START Dataset records
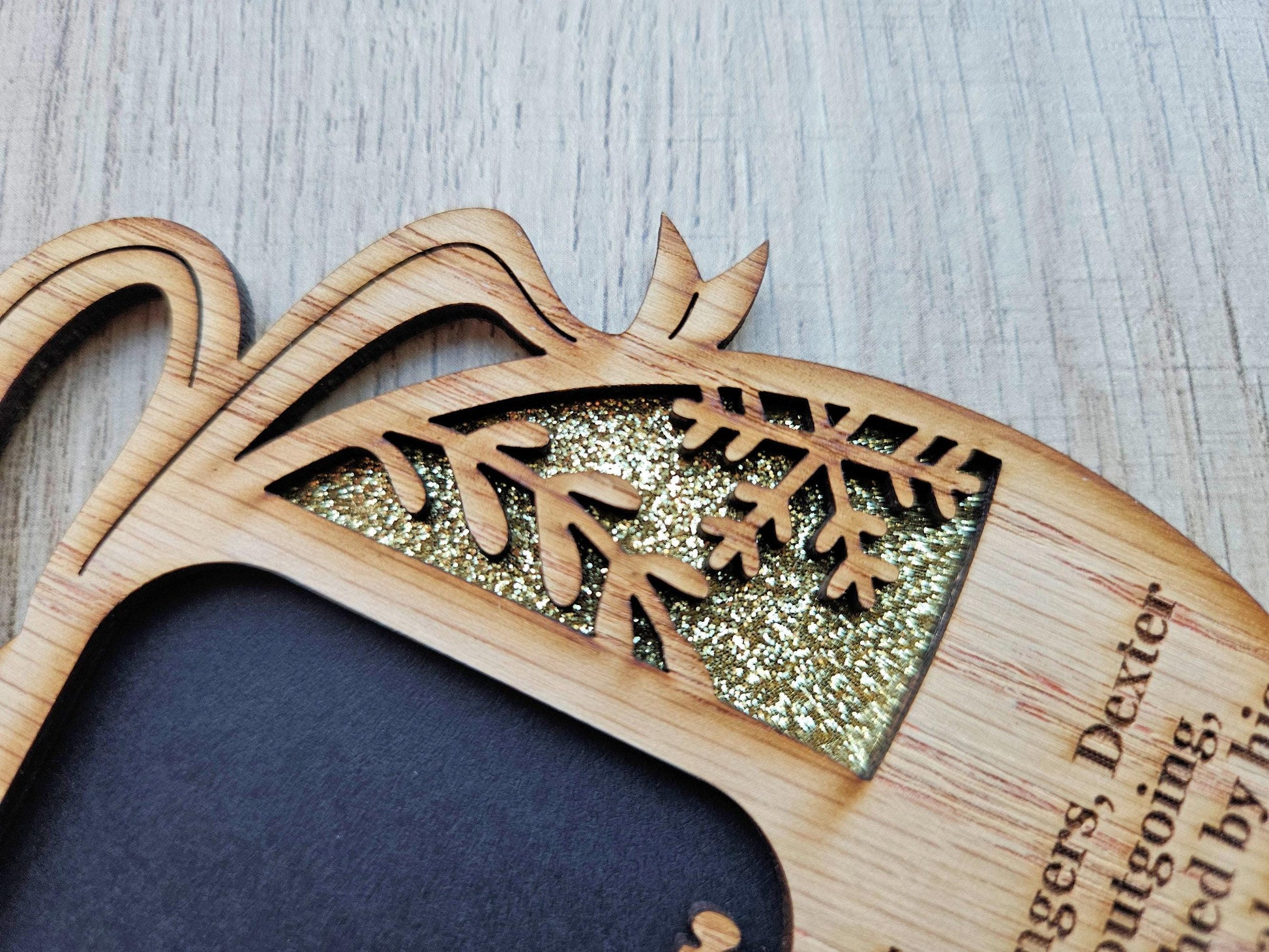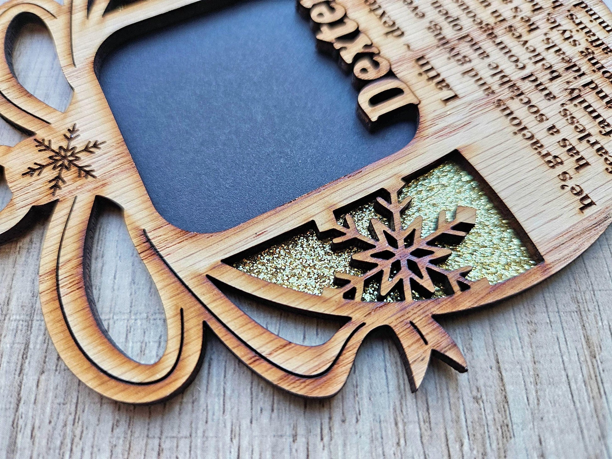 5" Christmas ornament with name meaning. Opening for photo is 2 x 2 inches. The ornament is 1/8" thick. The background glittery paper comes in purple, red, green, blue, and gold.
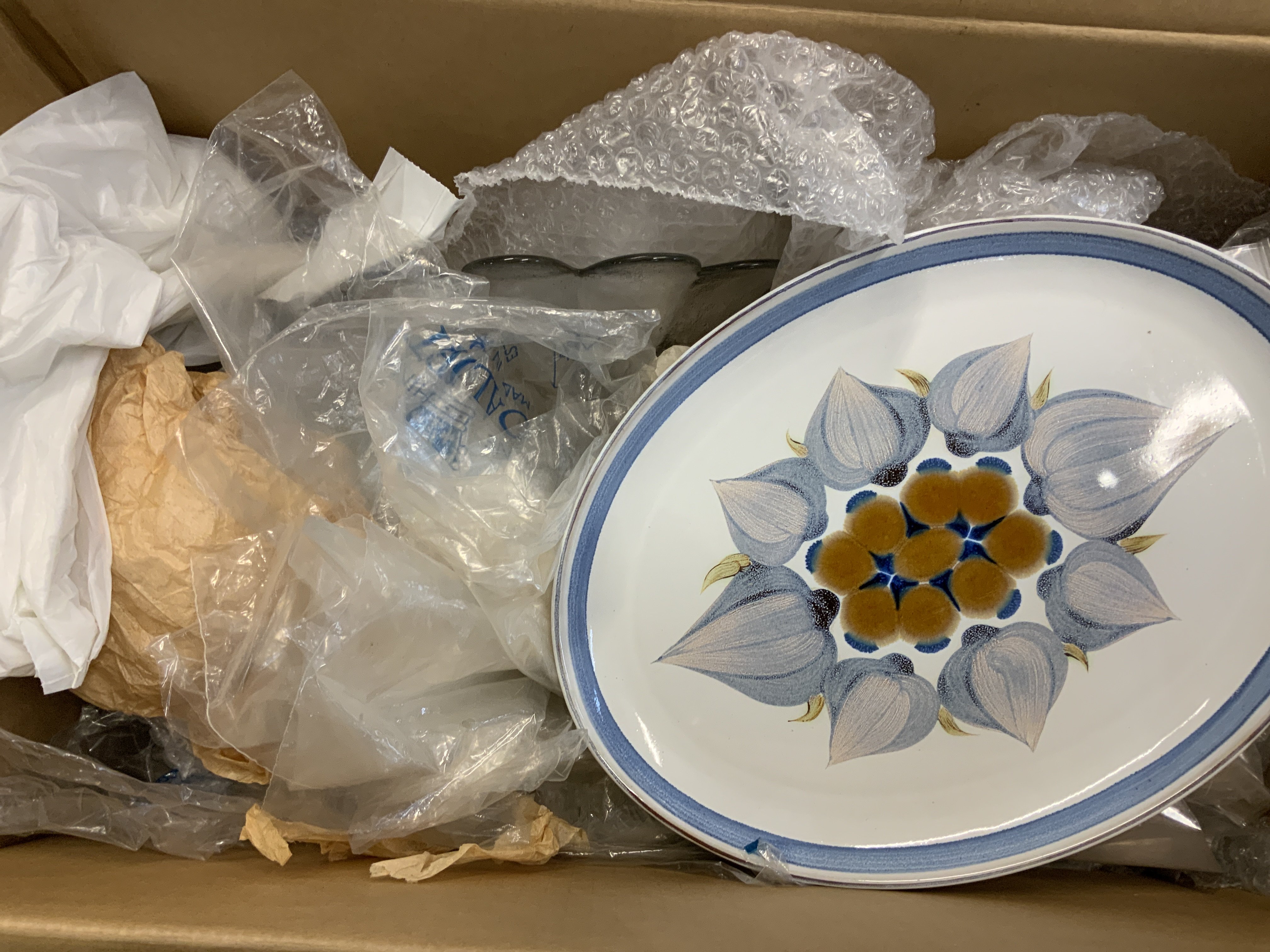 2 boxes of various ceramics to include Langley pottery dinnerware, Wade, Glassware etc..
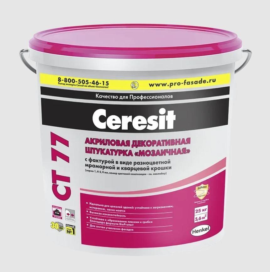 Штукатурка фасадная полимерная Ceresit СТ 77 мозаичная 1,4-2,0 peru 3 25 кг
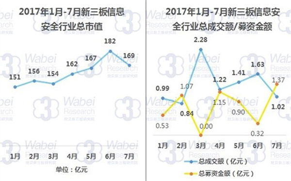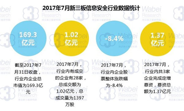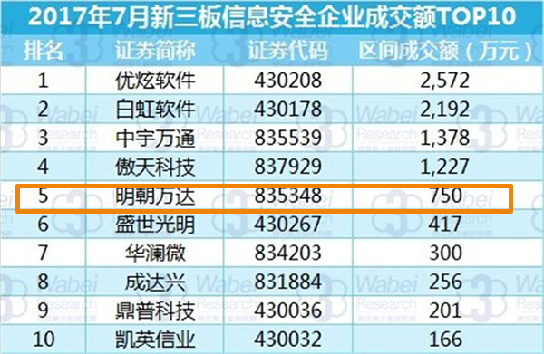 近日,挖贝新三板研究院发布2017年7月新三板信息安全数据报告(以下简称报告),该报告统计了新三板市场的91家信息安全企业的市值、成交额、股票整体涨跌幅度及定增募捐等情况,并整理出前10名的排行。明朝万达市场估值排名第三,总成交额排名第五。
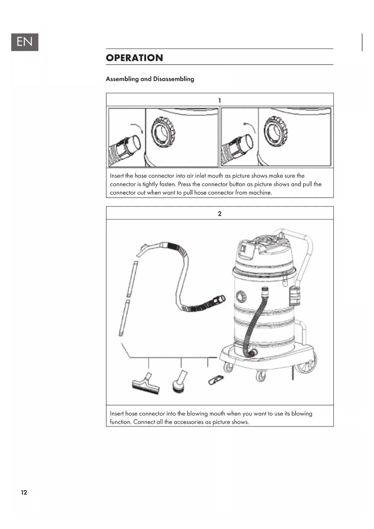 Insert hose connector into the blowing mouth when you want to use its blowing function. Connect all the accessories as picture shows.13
END Dataset records
* [Task]: An exact copy is needed of only the lines from the top of the material through the line with "Штукатурка фасадная полимерная"; no pictures belong in it.

* [Answer to this problem]:
 5" Christmas ornament with name meaning. Opening for photo is 2 x 2 inches. The ornament is 1/8" thick. The background glittery paper comes in purple, red, green, blue, and gold.
 2 boxes of various ceramics to include Langley pottery dinnerware, Wade, Glassware etc..
 Штукатурка фасадная полимерная Ceresit СТ 77 мозаичная 1,4-2,0 peru 3 25 кг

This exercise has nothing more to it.